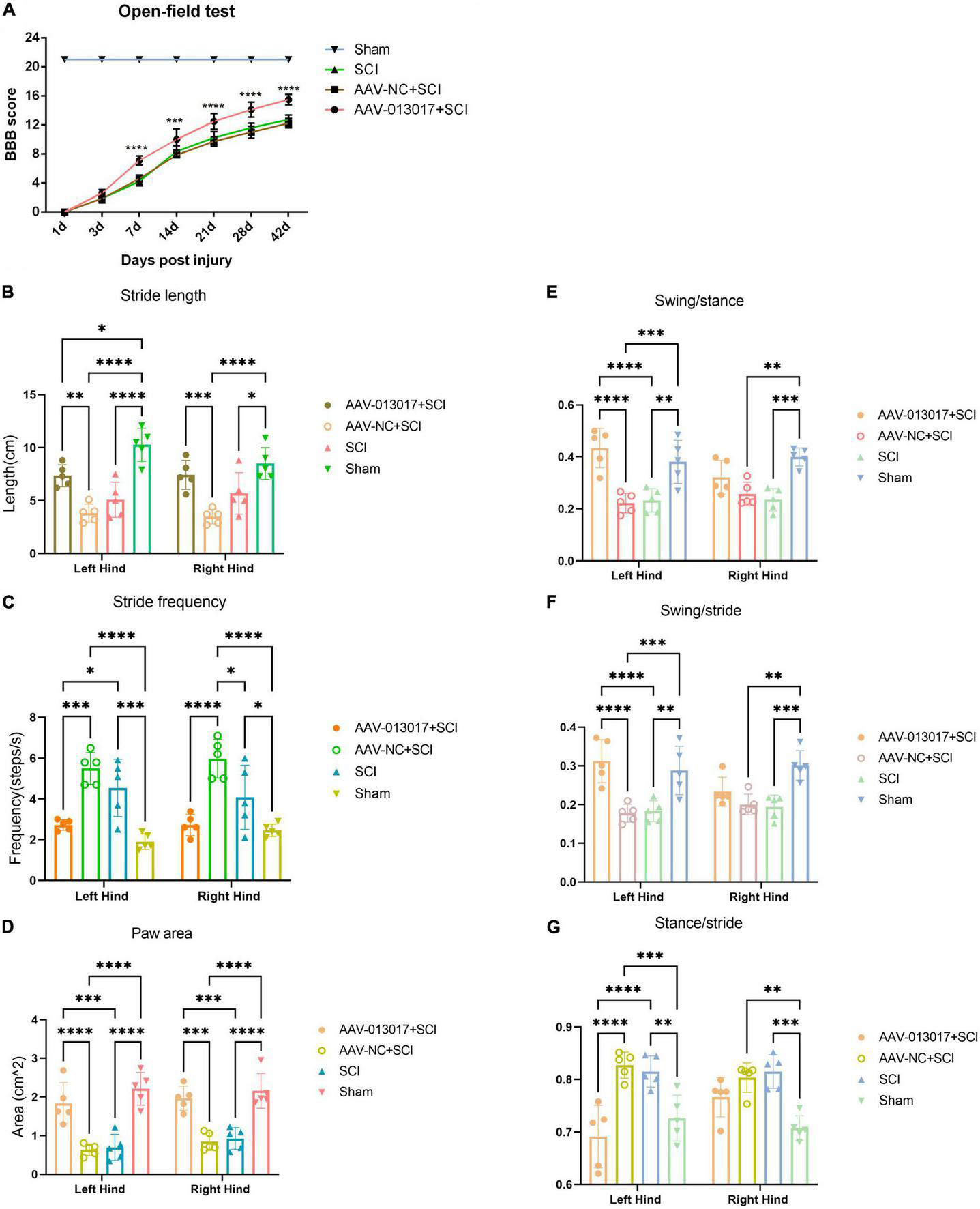 Second, gait analysis was performed at 6 weeks after injury (Figures 7B–G). The results showed that the stride length and paw area were greater, while the stride frequency was lower, for both of the hind limbs of rats in the AAV-013017 + SCI group than control groups, with statistical significance. Moreover, the swing/stance was significantly higher, while the swing/stride and stance/stride were significantly lower, especially for the left hind limbs, of rats in the AAV-013017 + SCI group than in the control groups. Besides, seen in Supplementary Figure 7, the gait summary and footprint pictures of rats for different groups were shown, which suggested that distances between forelimb and hindlimb of rats were smallest in AAV-013017 + SCI and sham group. Together, these results showed that rats in the AAV-013017 + SCI group were similar to the rats in sham groups, indicating a locomotor improvement of rats after gene therapy.
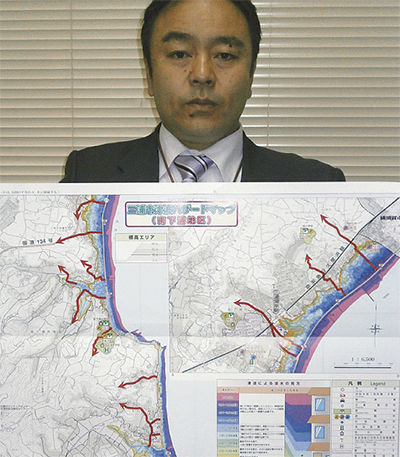 マップは、初声地区、南下浦地区、三崎地区の3地区に分け作製。それぞれマップの逆面には、市民から要望のあった市全図の浸水状況を載せている。市は6月に防災情報を載せた避難マニュアルを作製している。市危機管理課は「新たに作製したハザードマップと避難マニュアルをセットで保存して欲しい。また、機会があるごとにマップを見て、いざというとき、自分がどの方向に逃げるべきかを頭に入れておいて欲しい」と話している。
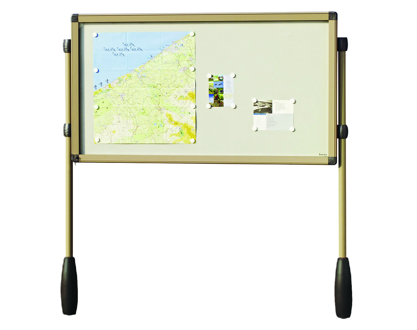 Vitrine extérieure sur pieds. Encadrement en alu laqué polyester (voir nuancier) avec coins arrondis coloris gris RAL 9023. Étanchéité assurée par un joint élastomère avec circulation d'air...
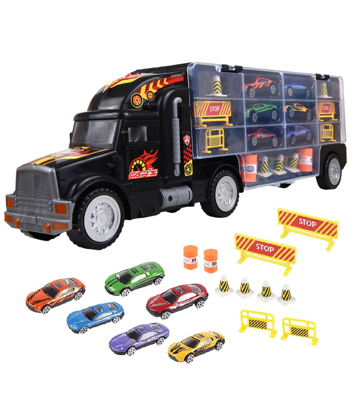 FITS HOT WHEELS, MATCHBOX CARS AND OTHER MINI CARS The transport carrier toy truck includes 6 die-cast metal cars and has space to carry up to 28 toy cars. Size of the truck for boys: 19" length x 6" height x 3.5" width.
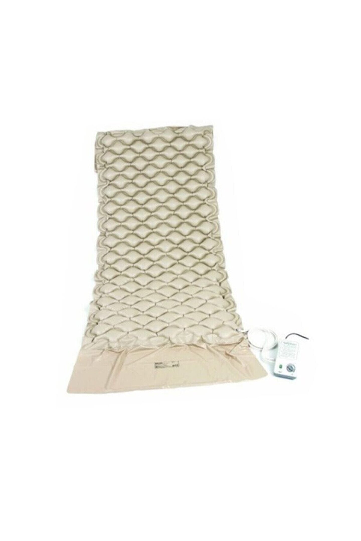 Motorlu Baklava Tipi Havalı Yatak Havalı yatak sistemi uzun süre yatmak zorunda olan hastaları, vücutlarında meydana gelen yarardan korumak için tasarlanmıştır. Sistem; bir adet hava kompresörü ile bir adet kanallı havalı yatak'tan oluşur. Değişmeli hava basıncı pompası, sürekli olarak ''a'' kümesi ve ''b'' kümesi hava bölmelerine hava üfler ve bölümlerdeki hava sürekli azalıp artarak, hastanın vücuduna uygulanan basıncın değişmesi sağlanır. Bu da hastanın kan dolaşımının daha düzenli olmasını sağlar ve sürekli yatarken maruz kalınan basınçtan oluşabilecek yaraları önler. Özellikler baklava tipi havalı yatak iki parçadan oluşur: Yatak ve pompa. ; pompa sessizlik ve enerji tasarrufu sağlamak için küçük bir kompresör içerir. ; yatak, 6 dklık zaman aralıklarıyla alternative hava hücrelerini sırayla sönüp şişerek basıncı tahliye eder. ; ünite tarafından verilen sürekli hareket, sabit basınç alanlarını azaltır ve dolaşımı arttırır. ; kullanım kolaylığı sağlayan kontrol paneli ve 10 farklı basınç ayarı. (40-100 mmhg) ; teknik özellikler ürünün ağırlığı: Yatak: 2.3kg / pompa: 1.4kg ; maksimum hasta ağırlığı: 135 kg ; çalışma gücü: ? 220v 50hz, 0.1a ; boyutlar: 200 x 90 x 7 cm ; malzeme:Tw nanya en71 tıbbi-Sınıf pvc ; motor 2 yıl garantili ;
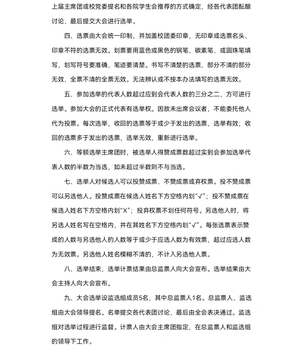 六、主席团成员候选人产生办法及选举办法
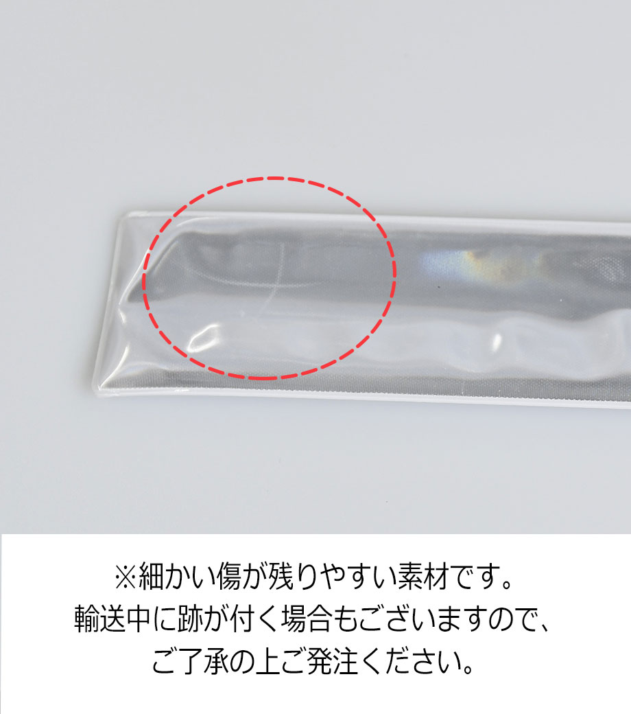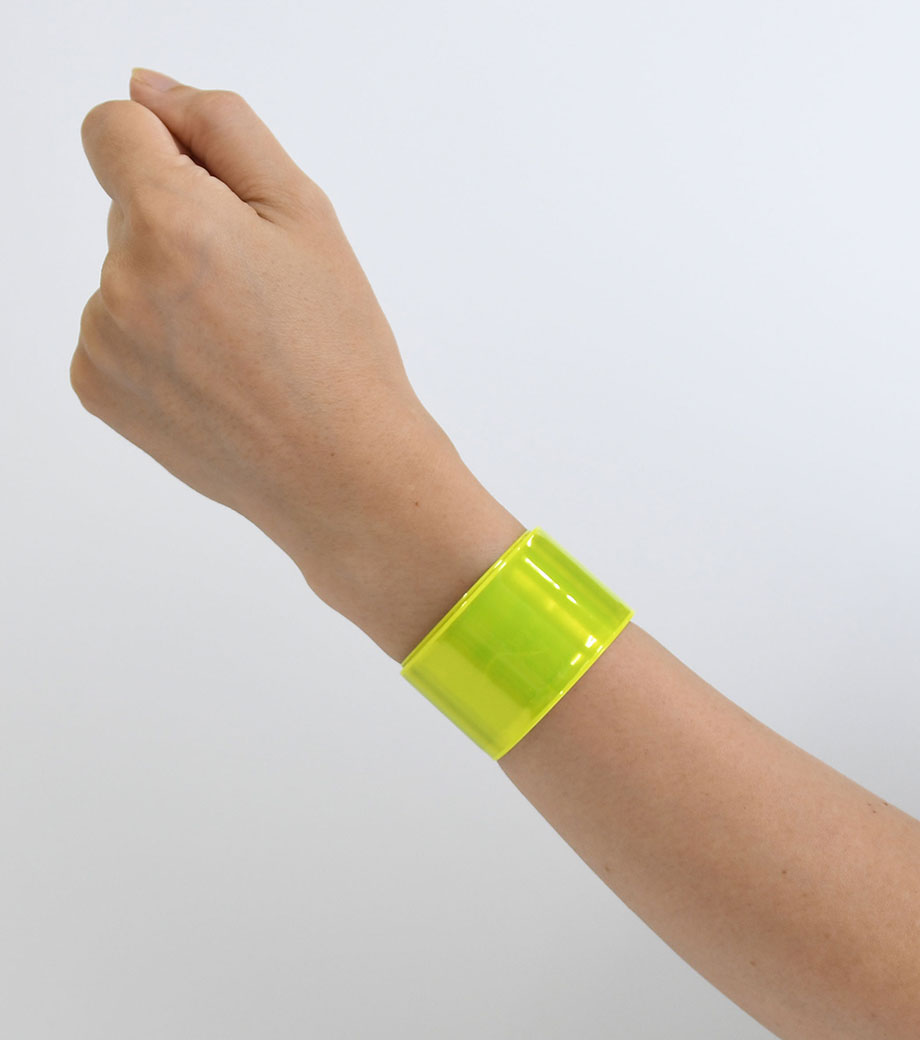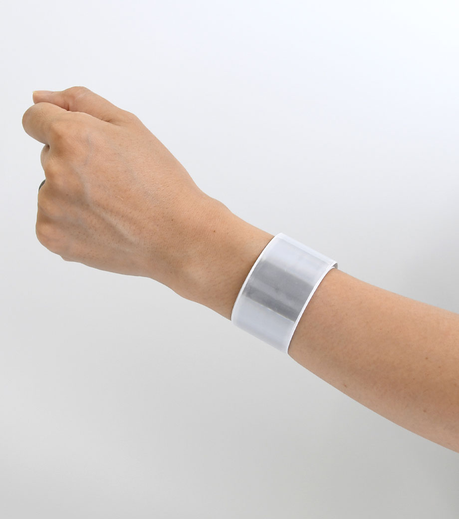 アームリフレクターは片手でカンタン装着できる反射バンド。軽く叩きつければくるっと巻きつく設計。腕や足に付けてもしっかりホールドするので落下を防ぎます。バッグ、自転車などに付ければ光を反射して夜道の安全を守ります。ランニングやお散歩、通塾にもおススメ。軽くて薄いので配布しやすい防犯ノベルティです。
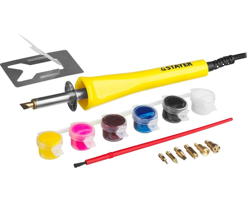 Оборудование STAYER создано на основе современных материалов и технологий. Благодаря соблюдению высоких стандартов качества, инструмент обеспечит надежную работу на протяжении всего срока службы. Является незаменимым помощником, обеспечивая удобство в работе и отличный результат. Преимущества 3 в 1: для выжигания по дереву, раскраски поверхности, и пайки Специальные насадки позволяют наносить узоры и орнаменты различной сложности, а также резать тонкий пластик Быстрый нагрев до максимальной температуры 520°С Эргономичная термозащищенная пластиковая рукоятка 6 красок и кисточка в комплекте 7 быстросъемных насадок Металлическая подставка для безопасной работы Использование Набор для выжигания по дереву, коже, и нанесения изображений на различные поверхности, а так же художественного оформления получившегося рисунка с помощью красок и кисти.

• [The task] From the line containing "六、主席团成员候选人产生办法及选举办法" through the final line of the records, write out each line exactly, and include no pictures.

• [Answer to the exercise]
 六、主席团成员候选人产生办法及选举办法
 アームリフレクターは片手でカンタン装着できる反射バンド。軽く叩きつければくるっと巻きつく設計。腕や足に付けてもしっかりホールドするので落下を防ぎます。バッグ、自転車などに付ければ光を反射して夜道の安全を守ります。ランニングやお散歩、通塾にもおススメ。軽くて薄いので配布しやすい防犯ノベルティです。
 Оборудование STAYER создано на основе современных материалов и технологий. Благодаря соблюдению высоких стандартов качества, инструмент обеспечит надежную работу на протяжении всего срока службы. Является незаменимым помощником, обеспечивая удобство в работе и отличный результат. Преимущества 3 в 1: для выжигания по дереву, раскраски поверхности, и пайки Специальные насадки позволяют наносить узоры и орнаменты различной сложности, а также резать тонкий пластик Быстрый нагрев до максимальной температуры 520°С Эргономичная термозащищенная пластиковая рукоятка 6 красок и кисточка в комплекте 7 быстросъемных насадок Металлическая подставка для безопасной работы Использование Набор для выжигания по дереву, коже, и нанесения изображений на различные поверхности, а так же художественного оформления получившегося рисунка с помощью красок и кисти.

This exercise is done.